The teams and their challenges
Bristol's team was paired with local charity Community Resolve, and improved their website and explored new revenue streams.
The Durham contestants were coupled with the Durham Area Disability Leisure Group (DADLG), and found a variety of ways to help disabled young people access employment.
Exeter's team joined the Refugee Support Group (Devon), which helps asylum seekers in the county. The students helped them explore sustainable sources of revenue.
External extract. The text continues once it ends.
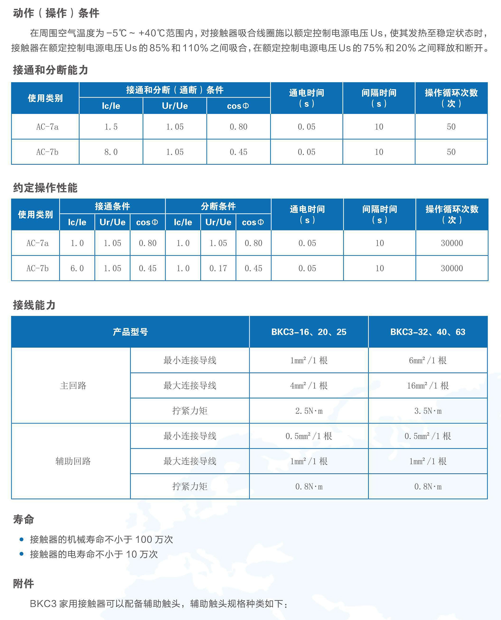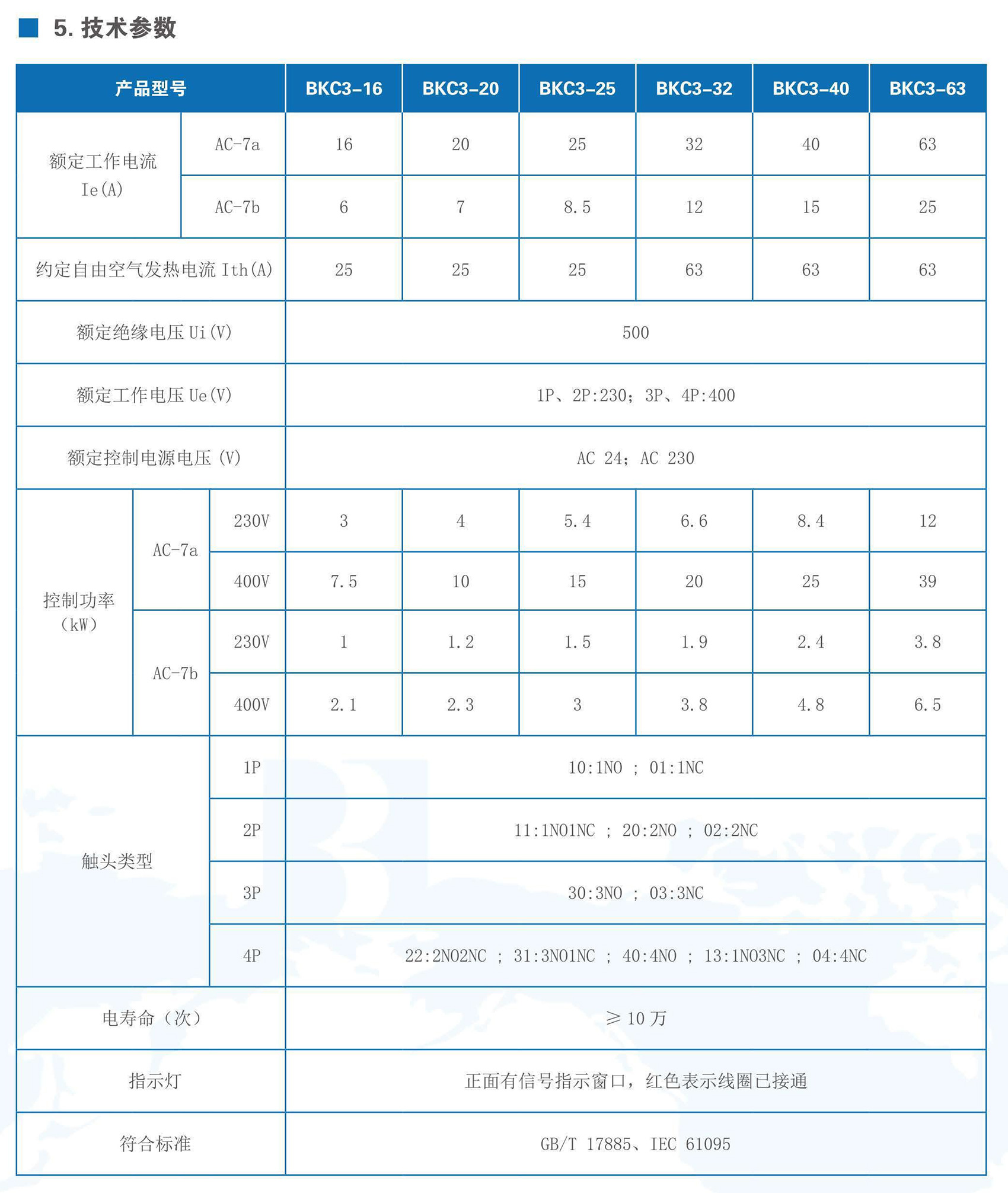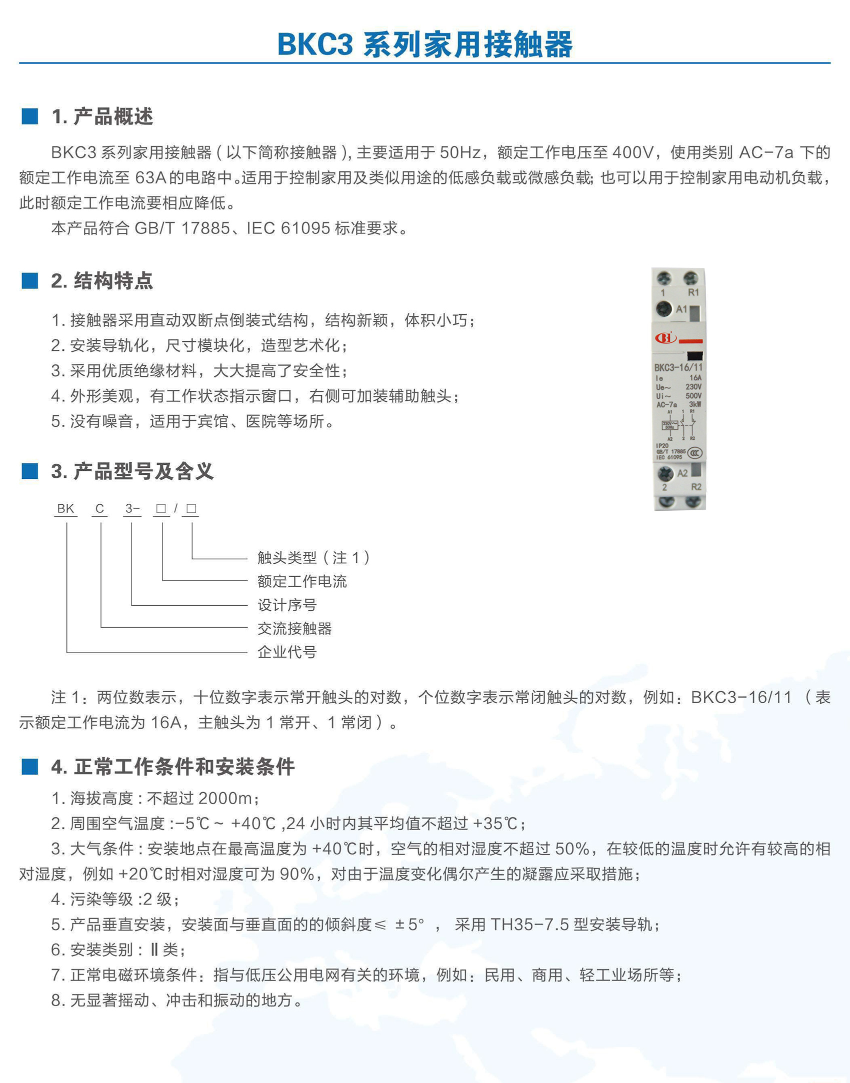 BKC3系列家用接触器适用于交流50Hz,额定工作电压至400V,使用类别 AC-7a下的额定工作电流至63A,用于控制家用及类似用途的低感或微感负载,也可以用于控制家用电动机负载。本产品应用于宾馆、公寓等场所,实现自动化控制功能。产品符合GB/T 17885、IEC 61095标准。

Glasgow's team found themselves working with Carers Link, a charity which works with carers in a suburb of Glasgow, and helped them communicate better with young carers in the area.
The LSE's team joined Kids Company, which helps children in central London. They explored the feasibility of setting up a charity shop to bolster revenue.
Manchester's entrants helped ReachOut!, a mentoring charity for young people. They helped them increase uptake and retention of volunteer mentors from the student population.
Finally, the team from UCL linked up with Body & Soul, a charity helping people affected by HIV. They set about opening the student market for their awareness-raising services.